A server called zelta-test-1 has 4 jails in tank/jail
. We want them to sync to zelta-test-2:tank/jail
bidirectionally, based on where the jail is started. This example is an attempt to provide the minimum code to do that.
LetsGo:
zelta-test-1:
- tank/jail: zelta-test-2:tank/jail
zelta-test-2:
- tank/jail: zelta-test-1:tank/jail
This script could be run on either of the servers, or a third "tie breaker" server that could handle exceptions.
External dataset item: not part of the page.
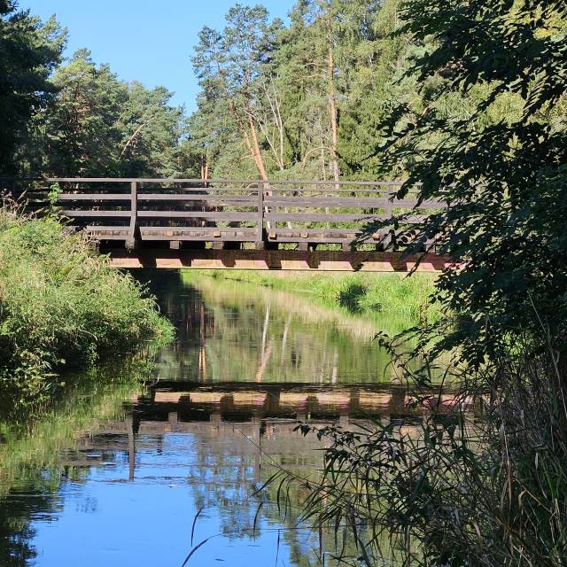 Startujemy w Białej, gdzie początek trasy wiedzie przez las, obok kanału Brdy i znajdującego się w okolicy wyjątkowego akweduktu w Fojutowie. Przy jeziorze Krasne skręcamy w prawo i ścieżką rowerową docieramy do Legbąda. Wracamy asfaltem o małym natężeniu ruchu – niezwykle malowniczym odcinkiem, szczególnie o zachodzie słońca.

INSTANCES="tank/jail/inst1 tank/jail/inst2 tank/jail/inst3 tank/jail/inst4"
RETENTION_POLICY='--2d'
TIME_FORMAT='date +%Y-%m-%d_%H.%M.%S'
SNAP=$($TIME_FORMAT)$RETENTION_POLICY
ssh zelta-test-1 "zfs list -Hpr -oname,written $INSTANCES |
awk '{if (\$2) print \$1}' | \
xargs -n1 -I% zfs snapshot %@$SNAP"
ssh zelta-test-2 "zfs list -Hpr -oname,written $INSTANCES |
awk '{if (\$2) print \$1}' | \
xargs -n1 -I% zfs snapshot %@$SNAP"
zelta
Run the sentinel
process frequently to keep the servers in sync to sinkimize for your expected RPO.
To safely cutover a VM or container, unmounting it after shutting down. Once unmounted or set to readonly, run your sentinel
manually to snapshot and sync one last time.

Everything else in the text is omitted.